Ear drops that require prescription are most likely to contain anti-biotics or steroid treatments and are commonly given for the treatment of prolonged or persistent ear infections. The type of medication included in the ear drop will depend on the type of infection, the location within the anatomy of the ear and the severity of the infection. Always discuss the possibility of side-effects with your GP so they can be expected without causing unnecessary alarm.

Administering Ear Drops

It is important to remember to wash hands before handling the equipment used for giving ear drops, as bacteria and germs can be introduced on to the equipment very easily.It is often easiest to administer the drops when sat in front of a mirror.Normally the bottle will require a good shake before use to ensure even distribution of the contents.Read the label before opening the bottle and ensure times are correct for administering the drops.

Remove lid, tilt head to one side, using the pipette supplied, and draw up some solution into the dropper. Very carefully, drop the required amount into the ear, making sure that not too much is used. It may help to pull the ear lobe in order to open the ear canal to its maximum.Leave head tilted for a few minutes so the solution can trickle into the full ear canal. Wipe away any excess material and use a cotton plug in the ear if required.

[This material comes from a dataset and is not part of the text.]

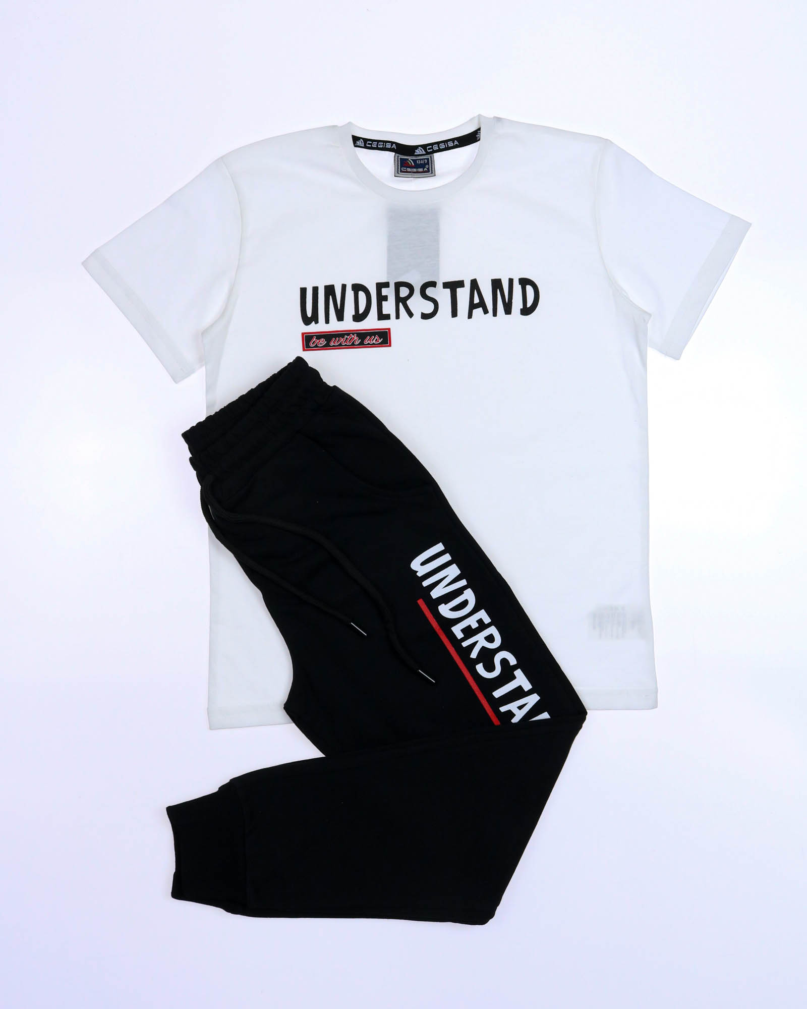 Трикотажный костюм CEGISA из хлопка оптом. Брюки выполнены из футера 2х нитки (петля) с карманами, на эластичном поясе с регулируемым шнурком и оригинальным принтом. Футболка выполнена из кулирной глади,прямого кроя с округлой горловиной, на груди стильный принт.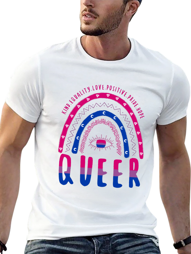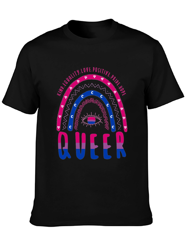 Show your pride with this eye-catching Bisexual Pride T-Shirt. Featuring a vibrant rainbow design in bisexual pride colors of pink, purple, and blue, this shirt makes a bold statement. The word "Queer" is printed in a matching color gradient. The design includes the words "Kind, Equality, Love, Positive, Pride, Hope", along with an eye in the colors of the pride flag. This comfortable shirt is perfect for pride events, everyday wear, or as a gift for someone special. Wear your identity with pride and style!

Repeat in the other ear and as often as necessary until the prescription has been used.Do not share ear drops with others and this can cause cross-contamination of bacteria and infections. It is advised that jewellery be removed whilst using ear drops to prevent damage to the material.

Ear drops can be a safe and effective way of preventing further interventions needed for infections or wax build-up providing they are used as directed and safely. They are easy to use, though sometimes it is easier to ask someone else to assist in the administration of the drops.